==== DATASET ENTRIES ====
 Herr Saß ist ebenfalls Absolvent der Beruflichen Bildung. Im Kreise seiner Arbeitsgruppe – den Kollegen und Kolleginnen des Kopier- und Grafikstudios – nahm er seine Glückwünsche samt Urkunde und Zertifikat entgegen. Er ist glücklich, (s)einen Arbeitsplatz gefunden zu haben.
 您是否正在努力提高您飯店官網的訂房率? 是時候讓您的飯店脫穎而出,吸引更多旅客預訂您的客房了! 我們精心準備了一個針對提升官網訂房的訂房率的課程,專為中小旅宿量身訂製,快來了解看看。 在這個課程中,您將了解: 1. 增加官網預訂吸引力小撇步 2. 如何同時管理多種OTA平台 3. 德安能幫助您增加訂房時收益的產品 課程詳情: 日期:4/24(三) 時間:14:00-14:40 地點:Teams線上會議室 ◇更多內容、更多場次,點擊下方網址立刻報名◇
====
==== DATASET ENTRIES ====
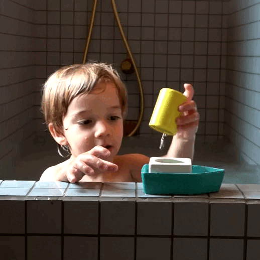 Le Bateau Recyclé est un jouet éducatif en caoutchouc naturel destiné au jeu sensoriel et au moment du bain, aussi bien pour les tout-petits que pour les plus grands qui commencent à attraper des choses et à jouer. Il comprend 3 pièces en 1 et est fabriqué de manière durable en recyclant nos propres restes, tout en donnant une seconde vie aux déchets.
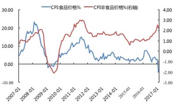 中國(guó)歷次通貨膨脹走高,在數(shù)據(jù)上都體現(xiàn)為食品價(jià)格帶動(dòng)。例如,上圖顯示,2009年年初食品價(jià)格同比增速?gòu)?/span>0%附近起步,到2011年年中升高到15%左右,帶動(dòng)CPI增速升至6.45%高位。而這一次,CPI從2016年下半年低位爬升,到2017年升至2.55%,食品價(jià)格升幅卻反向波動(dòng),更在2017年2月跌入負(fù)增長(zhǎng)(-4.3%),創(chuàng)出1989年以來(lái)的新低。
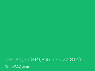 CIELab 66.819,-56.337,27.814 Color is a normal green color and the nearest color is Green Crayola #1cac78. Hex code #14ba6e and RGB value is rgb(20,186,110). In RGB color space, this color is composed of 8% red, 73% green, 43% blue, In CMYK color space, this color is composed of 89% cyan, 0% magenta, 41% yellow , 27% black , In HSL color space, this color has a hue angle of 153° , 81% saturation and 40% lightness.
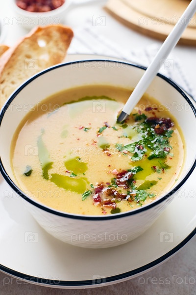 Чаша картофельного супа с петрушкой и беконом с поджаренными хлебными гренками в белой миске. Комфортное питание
====
→ **PROBLEM DETAILS**
Only the lines above starting at the one containing "Herr Saß ist" and ending at the one containing "時間:14:00-14:40 地點:Teams線上會議室 ◇更多內容、更多場次,點擊下方網址立刻報名◇", both included, are to be returned, exactly as they read.

→ **TASK ANSWER**
 Herr Saß ist ebenfalls Absolvent der Beruflichen Bildung. Im Kreise seiner Arbeitsgruppe – den Kollegen und Kolleginnen des Kopier- und Grafikstudios – nahm er seine Glückwünsche samt Urkunde und Zertifikat entgegen. Er ist glücklich, (s)einen Arbeitsplatz gefunden zu haben.
 您是否正在努力提高您飯店官網的訂房率? 是時候讓您的飯店脫穎而出,吸引更多旅客預訂您的客房了! 我們精心準備了一個針對提升官網訂房的訂房率的課程,專為中小旅宿量身訂製,快來了解看看。 在這個課程中,您將了解: 1. 增加官網預訂吸引力小撇步 2. 如何同時管理多種OTA平台 3. 德安能幫助您增加訂房時收益的產品 課程詳情: 日期:4/24(三) 時間:14:00-14:40 地點:Teams線上會議室 ◇更多內容、更多場次,點擊下方網址立刻報名◇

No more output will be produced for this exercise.